Cyclical Annealing Schedule: A Simple Approach to Mitigating KL Vanishing

Published 25 Mar 2019 in cs.LG, cs.AI, cs.CL, cs.CV, and stat.ML | (1903.10145v3)

Abstract: Variational autoencoders (VAEs) with an auto-regressive decoder have been applied for many NLP tasks. The VAE objective consists of two terms, (i) reconstruction and (ii) KL regularization, balanced by a weighting hyper-parameter \beta. One notorious training difficulty is that the KL term tends to vanish. In this paper we study scheduling schemes for \beta, and show that KL vanishing is caused by the lack of good latent codes in training the decoder at the beginning of optimization. To remedy this, we propose a cyclical annealing schedule, which repeats the process of increasing \beta multiple times. This new procedure allows the progressive learning of more meaningful latent codes, by leveraging the informative representations of previous cycles as warm re-starts. The effectiveness of cyclical annealing is validated on a broad range of NLP tasks, including language modeling, dialog response generation and unsupervised language pre-training.

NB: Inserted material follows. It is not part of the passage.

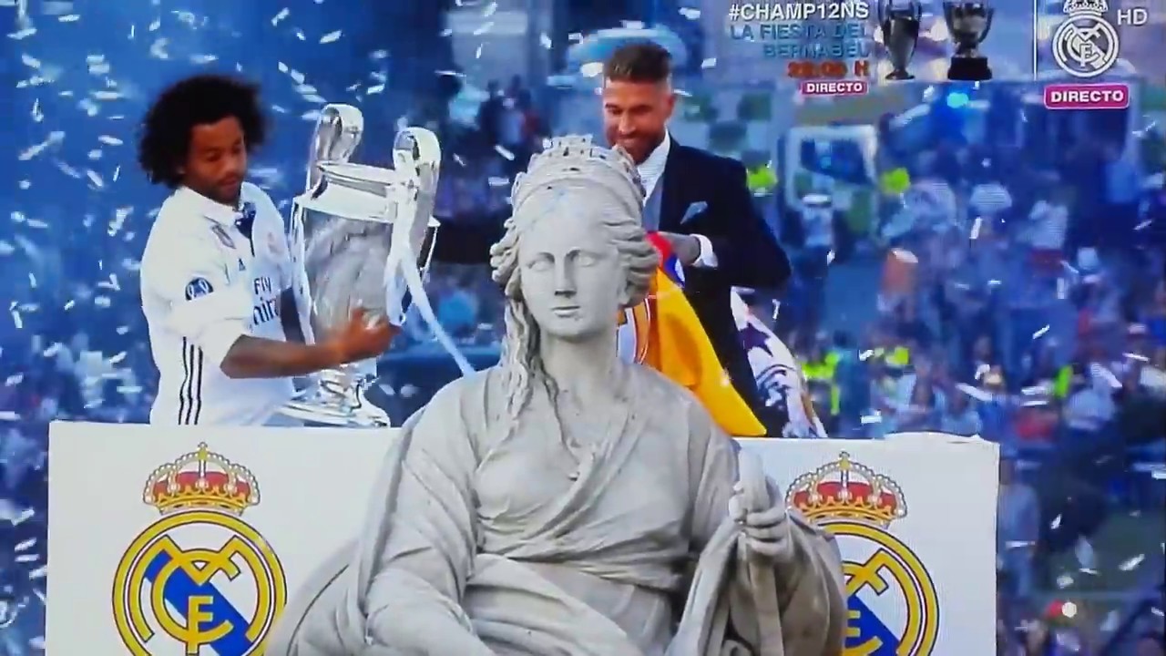 Vídeo para el recuerdo. Ramos y Marcelo ofrecen la Duodécima a la afición, adornan la Cibeles con una bandera de España y una bufanda del Real Madrid y besan a la diosa.

Abstract PDF Upgrade to Chat

Citations (338)

View on Semantic Scholar

Summary

The paper introduces a cyclical annealing strategy for VAEs that mitigates KL vanishing by cycling the β parameter to reinforce latent code learning.
It employs multiple cycles of increasing β from zero to one, allowing previous latent representations to serve as warm restarts in subsequent training phases.
Experimental results on NLP tasks show improved perplexity, response diversity, and classification accuracy compared to monotonic annealing.

Cyclical Annealing Schedule: A Systematic Approach to Mitigating KL Vanishing in Variational Autoencoders

The paper discusses a novel cyclical annealing schedule to address the KL vanishing problem often encountered when training Variational Autoencoders (VAEs) in the context of NLP. The authors analyze the underlying reasons for KL vanishing and propose a cyclical schedule for the $\beta$ parameter that governs the trade-off between reconstruction and KL divergence terms in the VAE objective function.

Problem Background and Motivation

VAEs are powerful generative models that encode data into a latent space, facilitating tasks like language modeling and dialog generation. However, when VAEs employ auto-regressive decoders, they suffer from a prevalent issue known as KL vanishing. This phenomenon occurs when training collapses into a degenerate solution where the latent variable is ignored, resulting in inadequate utilization of the model’s expressiveness.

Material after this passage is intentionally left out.